> **PROBLEM DESCRIPTION**
Only the stretch below from the line holding "Подавать лучше сразу, пока" through the line holding "Överraskad 21:a födelsedagsinbjudan" should be restated, word for word and with both ends included; pictures stay out.

> **MATERIAL PROVIDED**
▬▬▬

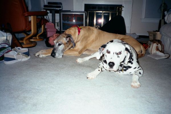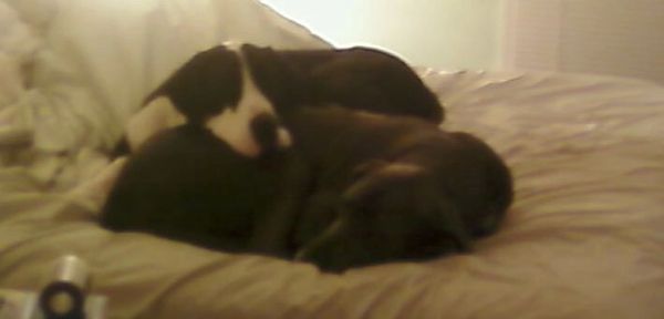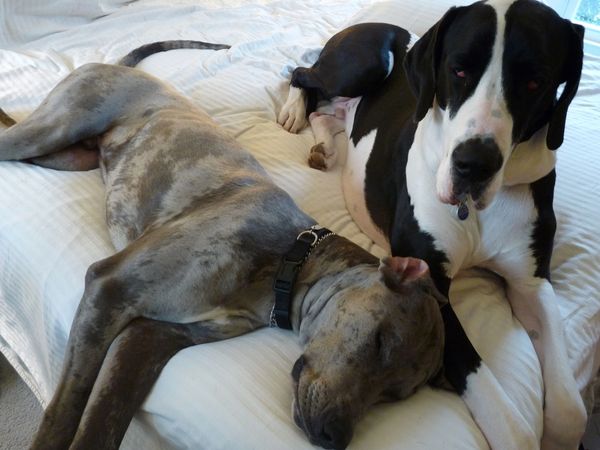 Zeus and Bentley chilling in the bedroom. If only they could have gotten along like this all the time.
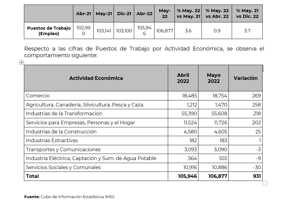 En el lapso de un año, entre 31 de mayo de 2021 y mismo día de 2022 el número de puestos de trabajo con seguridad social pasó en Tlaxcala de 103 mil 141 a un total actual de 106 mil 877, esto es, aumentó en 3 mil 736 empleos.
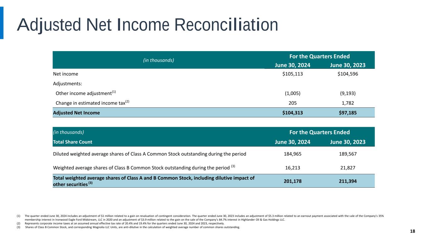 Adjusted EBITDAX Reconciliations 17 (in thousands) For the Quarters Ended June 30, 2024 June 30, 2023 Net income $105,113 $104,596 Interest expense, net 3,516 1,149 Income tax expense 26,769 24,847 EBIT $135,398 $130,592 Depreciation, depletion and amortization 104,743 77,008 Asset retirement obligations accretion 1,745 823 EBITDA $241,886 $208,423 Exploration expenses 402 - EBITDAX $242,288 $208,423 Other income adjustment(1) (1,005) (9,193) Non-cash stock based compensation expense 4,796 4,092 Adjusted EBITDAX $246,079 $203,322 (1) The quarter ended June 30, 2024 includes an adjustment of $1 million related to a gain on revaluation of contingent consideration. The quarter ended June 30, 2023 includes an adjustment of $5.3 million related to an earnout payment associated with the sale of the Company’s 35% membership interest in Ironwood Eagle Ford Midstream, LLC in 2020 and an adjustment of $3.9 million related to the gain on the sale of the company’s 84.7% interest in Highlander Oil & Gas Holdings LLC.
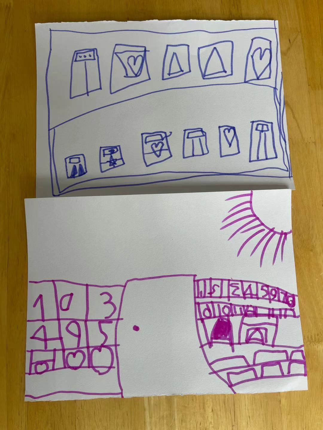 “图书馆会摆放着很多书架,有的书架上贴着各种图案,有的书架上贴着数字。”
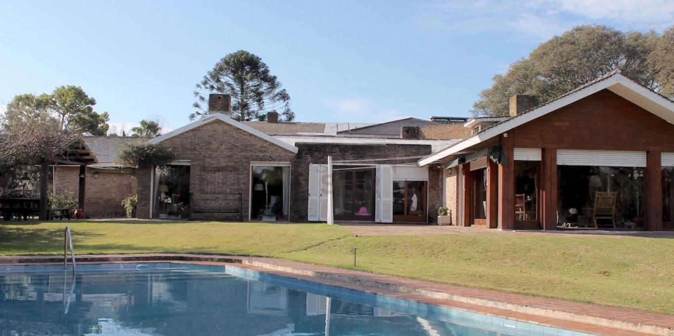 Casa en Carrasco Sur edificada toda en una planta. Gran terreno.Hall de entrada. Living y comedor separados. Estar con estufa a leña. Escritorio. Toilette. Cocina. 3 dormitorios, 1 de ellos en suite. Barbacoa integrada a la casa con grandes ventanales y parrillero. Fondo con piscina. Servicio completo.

▬▬▬

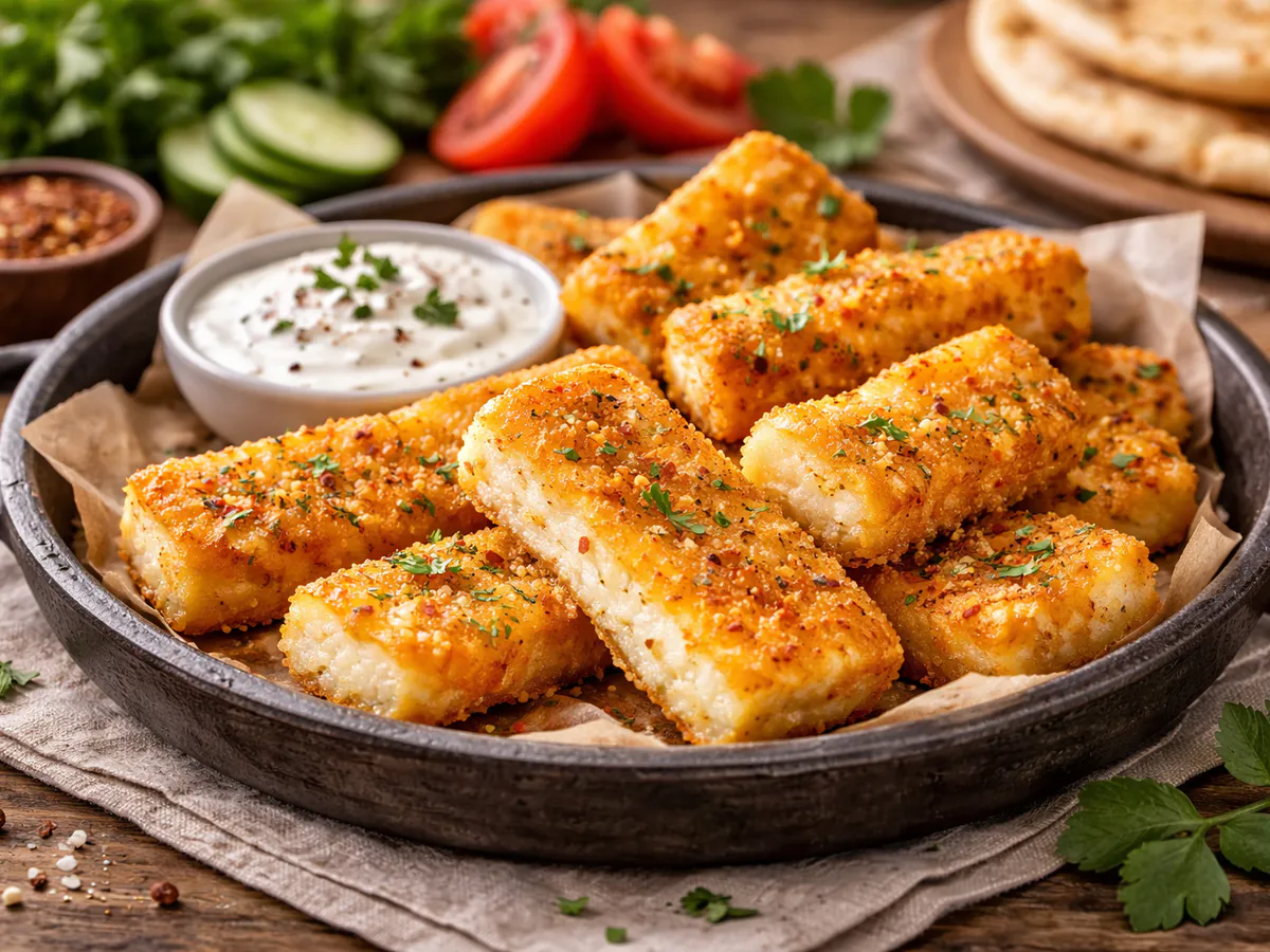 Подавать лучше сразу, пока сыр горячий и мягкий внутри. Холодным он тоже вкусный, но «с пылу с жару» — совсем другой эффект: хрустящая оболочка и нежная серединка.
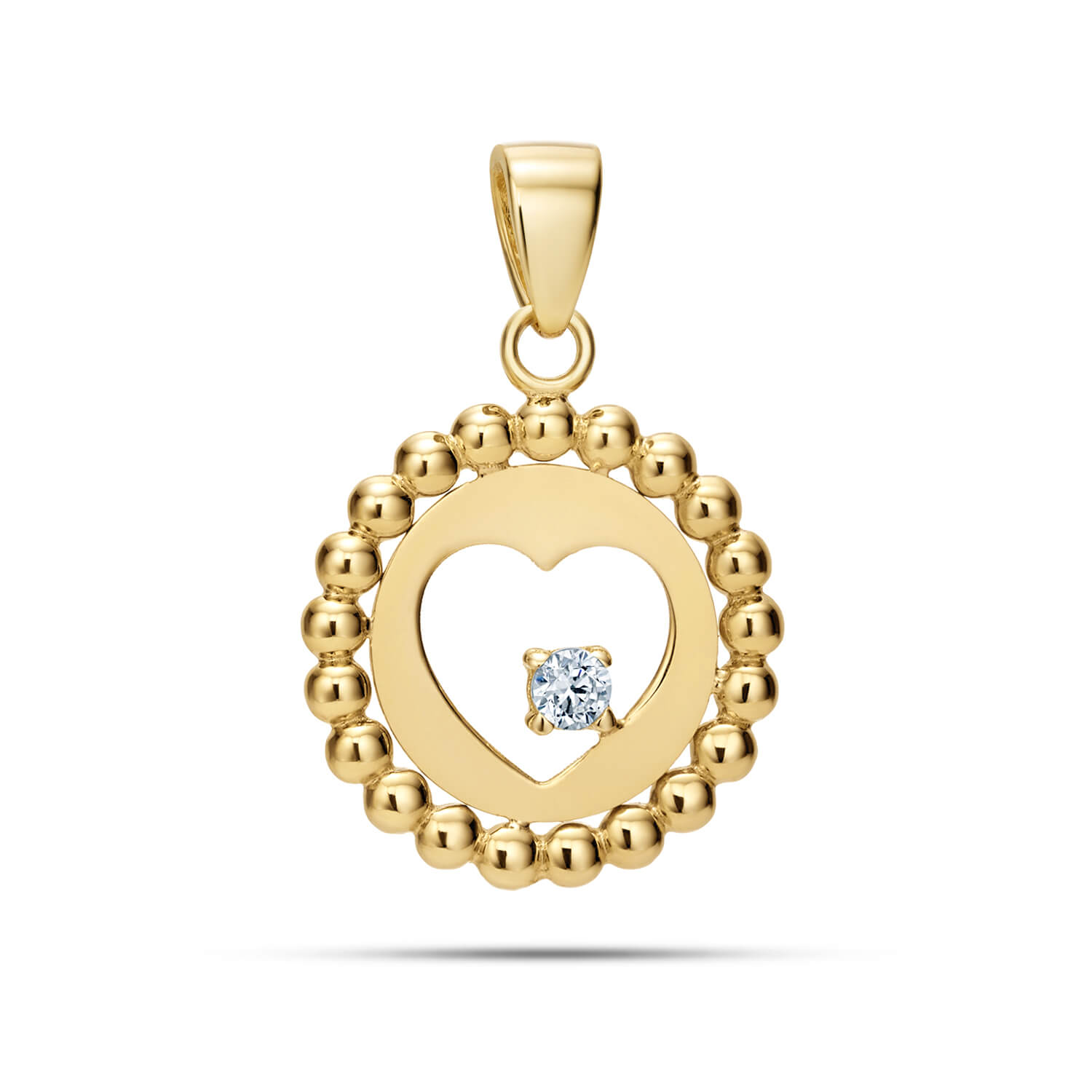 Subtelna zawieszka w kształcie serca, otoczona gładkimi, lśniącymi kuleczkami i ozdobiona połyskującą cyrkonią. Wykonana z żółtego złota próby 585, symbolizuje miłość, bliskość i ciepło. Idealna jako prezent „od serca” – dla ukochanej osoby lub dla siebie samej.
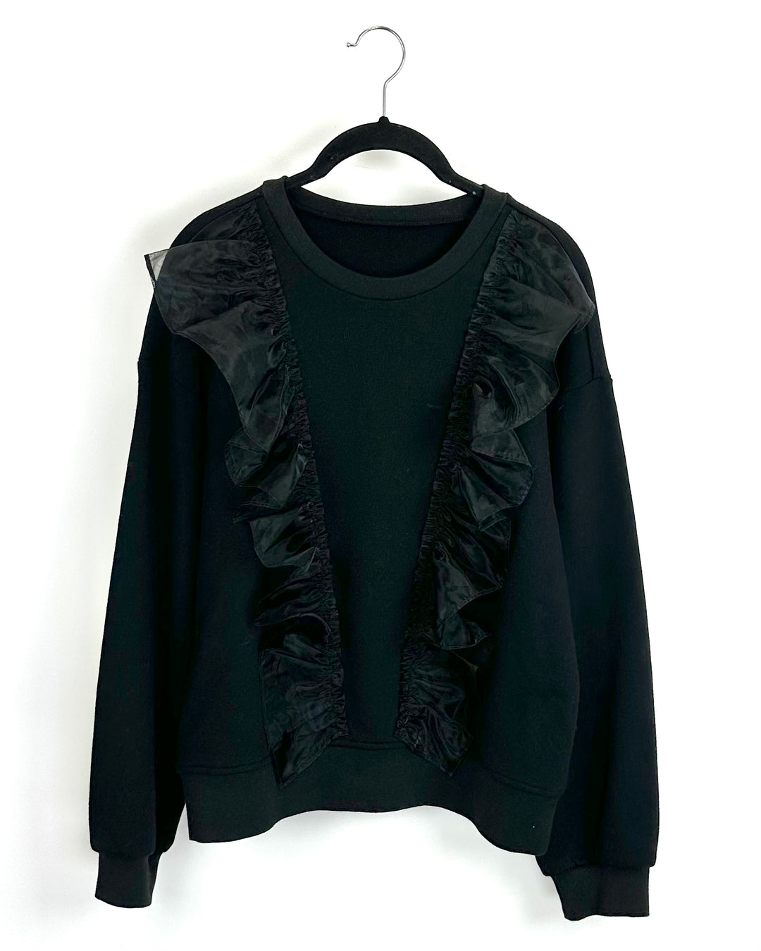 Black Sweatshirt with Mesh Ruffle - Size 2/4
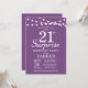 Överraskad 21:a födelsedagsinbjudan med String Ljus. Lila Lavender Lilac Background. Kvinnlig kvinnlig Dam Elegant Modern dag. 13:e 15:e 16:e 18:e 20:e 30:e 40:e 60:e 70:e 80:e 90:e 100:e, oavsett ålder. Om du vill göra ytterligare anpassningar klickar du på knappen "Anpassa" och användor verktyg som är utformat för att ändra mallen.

▬▬▬

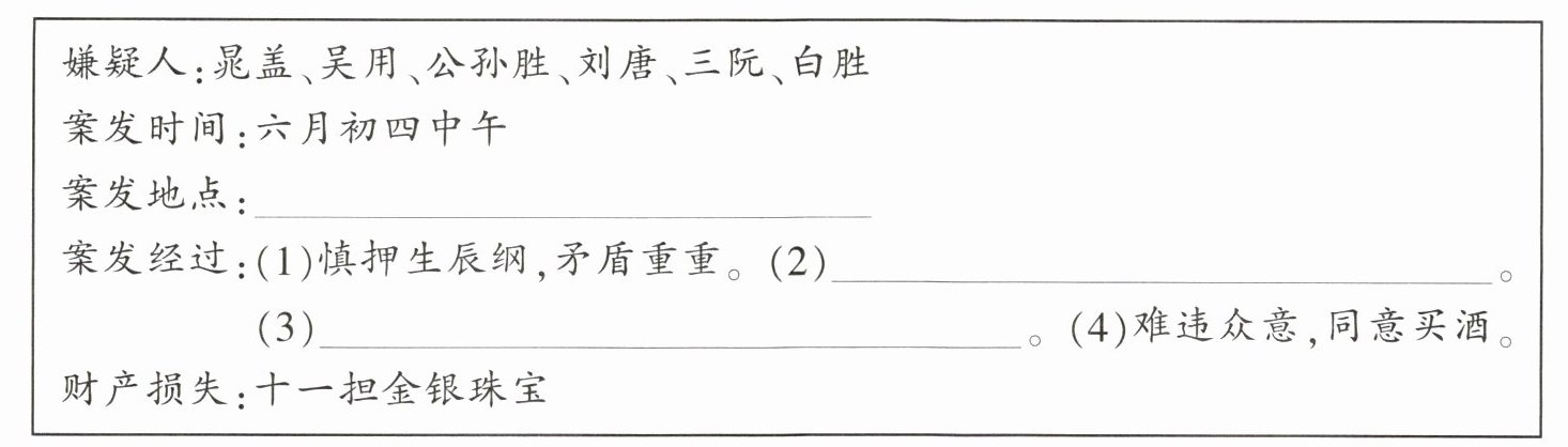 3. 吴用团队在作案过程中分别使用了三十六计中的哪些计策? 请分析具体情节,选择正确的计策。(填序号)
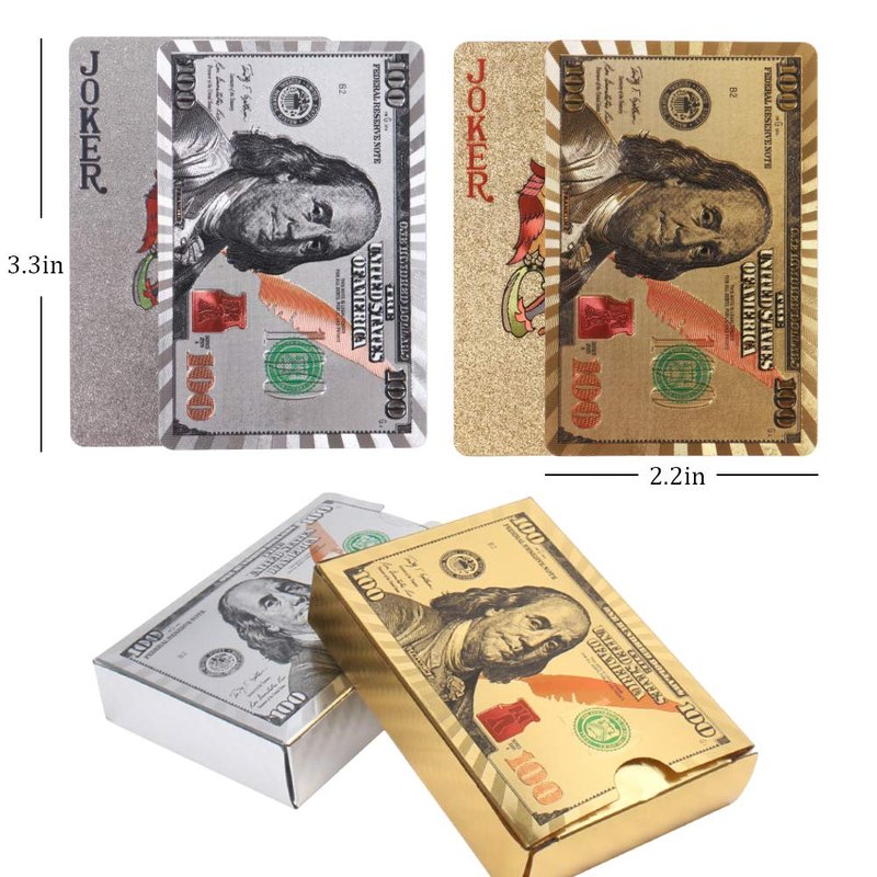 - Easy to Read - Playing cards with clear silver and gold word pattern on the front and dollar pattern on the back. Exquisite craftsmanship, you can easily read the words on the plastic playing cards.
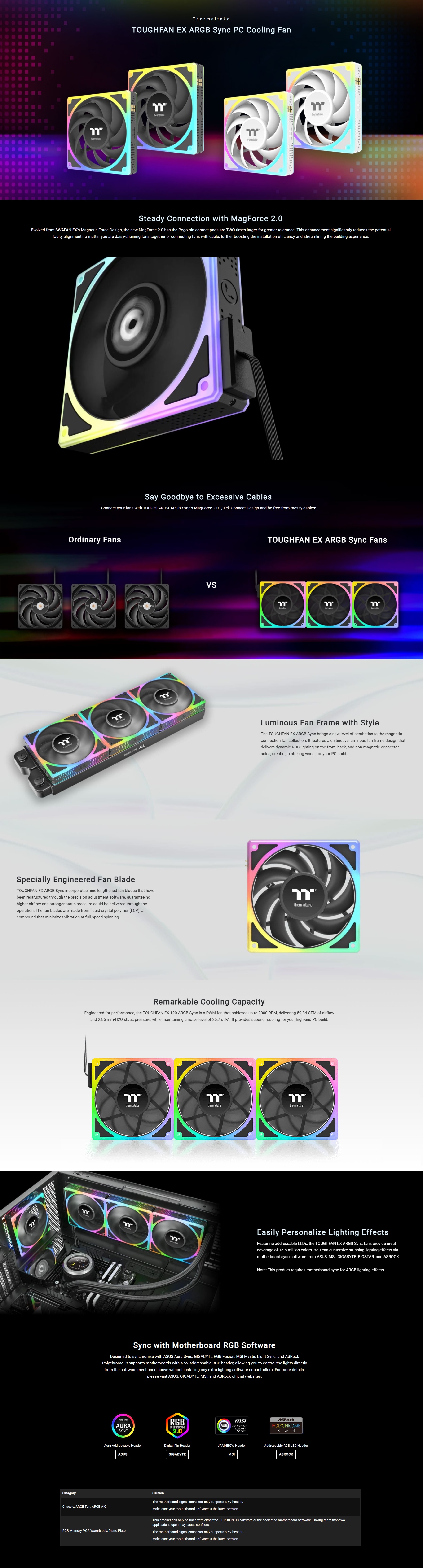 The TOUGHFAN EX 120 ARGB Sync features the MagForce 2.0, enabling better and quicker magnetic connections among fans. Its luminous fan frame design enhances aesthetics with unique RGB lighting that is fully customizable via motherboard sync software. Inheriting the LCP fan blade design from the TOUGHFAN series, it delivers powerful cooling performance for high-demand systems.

▬▬▬

> **WRITTEN RESPONSE**
 Подавать лучше сразу, пока сыр горячий и мягкий внутри. Холодным он тоже вкусный, но «с пылу с жару» — совсем другой эффект: хрустящая оболочка и нежная серединка.
 Subtelna zawieszka w kształcie serca, otoczona gładkimi, lśniącymi kuleczkami i ozdobiona połyskującą cyrkonią. Wykonana z żółtego złota próby 585, symbolizuje miłość, bliskość i ciepło. Idealna jako prezent „od serca” – dla ukochanej osoby lub dla siebie samej.
 Black Sweatshirt with Mesh Ruffle - Size 2/4
 Överraskad 21:a födelsedagsinbjudan med String Ljus. Lila Lavender Lilac Background. Kvinnlig kvinnlig Dam Elegant Modern dag. 13:e 15:e 16:e 18:e 20:e 30:e 40:e 60:e 70:e 80:e 90:e 100:e, oavsett ålder. Om du vill göra ytterligare anpassningar klickar du på knappen "Anpassa" och användor verktyg som är utformat för att ändra mallen.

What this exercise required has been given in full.